Member of the Tasmanian House of Assembly
- In office 20 September 1856 – November 1862
- Preceded by: Seat created
- Succeeded by: John Meredith
- Constituency: Deloraine
- In office 18 June 1868 – January 1869
- Preceded by: William Archer
- Succeeded by: Henry Douglas
- Constituency: Deloraine
- In office 8 September 1871 – September 1872
- Preceded by: Seat created
- Succeeded by: James Monaghan Dooley
- Constituency: East Devon

Personal details
- Born: Adolphus Frederick Rooke 27 April 1814 Hartford, Cheshire, England
- Died: 12 December 1881 (aged 67) Deloraine, Tasmania
- Occupation: Farmer, brewer

= Adolphus Rooke =

Australian politician

Adolphus Frederick Rooke (27 April 1814 – 12 December 1881) was an English-born settler in Van Diemen's Land (later Tasmania) who worked as a brewer and farmer, and was one of the first members elected to the Tasmanian House of Assembly in 1856.

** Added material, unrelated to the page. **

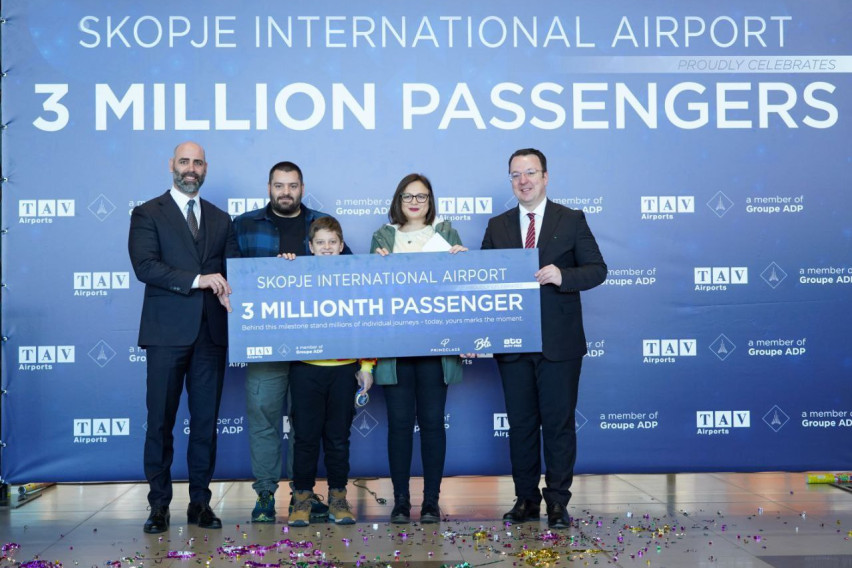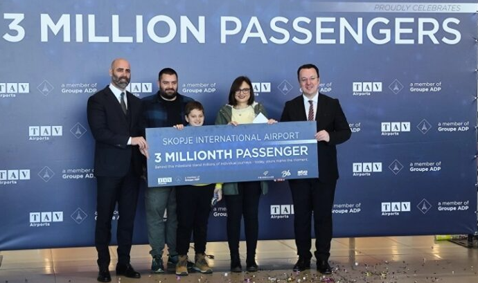 TАВ Македонија, подружница на ТАВ Аеродроми и членка на АДП Групацијата, денес го прослави 3 милионитиот патник во една година на Меѓународниот Аеродром Скопје.

Rooke was born in Hartford, Cheshire in England, and emigrated to the colony of Van Diemen's Land around 1836. Acquiring large land holdings in Deloraine, Rooke concentrated on agriculture, working as a farmer and a brewer. In 1856, he acted on his considerable interest in politics and nominated as a candidate for the first Tasmanian colonial elections. He was elected unopposed as the member for Deloraine, which he held until his retirement in November 1862. In June 1868, he won the seat again but resigned after several months in January 1869. He took a third and final tilt at politics in 1871, holding the seat of East Devon from September 1871 to September 1872.

After leaving politics, Rooke was active in a proposal to construct a railway from Launceston to Deloraine, and was appointed as a director of the project. He was also added to the magisterial roll of the colony in 1869.

Rooke died at the age of 67 at his residence, "The Retreat", near Deloraine on 12 December 1881. He had been paralysed for twelve months prior to his death due to a serious accident.